The underlying problem here is that, according to the IM, the data
object described by his EML document is larger than one would reasonably
want returned. This may be because the consumer doesn't want a data
dump that big, or the producer doesn't want people hitting their server
that hard. So, I guess the question is, why is the data described as one
large object if that's not the unit the IM wants to be managed? Could a
series of views or snapshots be described instead that expose a more
reasonable amount of data according to the IM? That's why we included
the 'View' entity type in EML. I'm not sure what the right solution is
with our existing EML.
We've recognized this problem for a while. It comes down to this: large
data sets usually should be accessed through a process that supports
server-side subsetting, rather than being downloaded as a whole.
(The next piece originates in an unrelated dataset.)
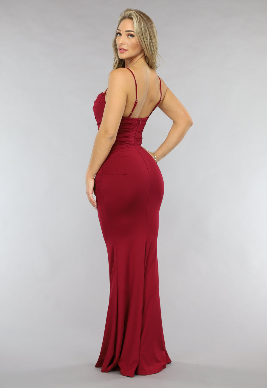 Langes plissiertes weinrotes Kleid
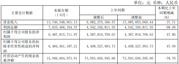 中国银河2025年半年度报告显示,公司上半年实现营业收入137.47亿元,同比增长37.71%;归属于母公司股东的净利润64.88亿元,同比增长47.86%;归属于母公司股东的扣除非经常性损益的净利润64.85亿元,同比增长47.09%。

The
problem is, everyone uses a different way of setting up and web-enabling
these processes. In the EcoGrid effort, one of the data access
definitions we defined is a web service that permits data subsetting. If
a web service such as this were standardized, then I think this whole
problem would get easier to deal with. I'd be happy to talk to people
about the EcoGrid web services and their current status (the data
subsetting api has not been implemented, but simpler data access
services have been).
Cheers,
Matt
inigo san gil wrote:
> Hello all,
>
> Here is an EML-related question. The general broad question would be
> like this:
>
> You are describing a large dataset (300,000 rows + 10-15 columns), and
> you naturally want to put a direct link to the actual data table in your
> well
> documented EML. What do you do?
>
> Here is more info, if you feel you need more.
>
> Your data may be in Oracle (or other DB) and a parametrized query (in
> the URL) on ALL data would slow down the server to a crawl.
> Yes, it is a time series of weather stations data, with sampling every
> 15 secs at best.
>
> Do we run a cron job -- a full query every so often --, zip the results
> in a file that is overwritten (updated)?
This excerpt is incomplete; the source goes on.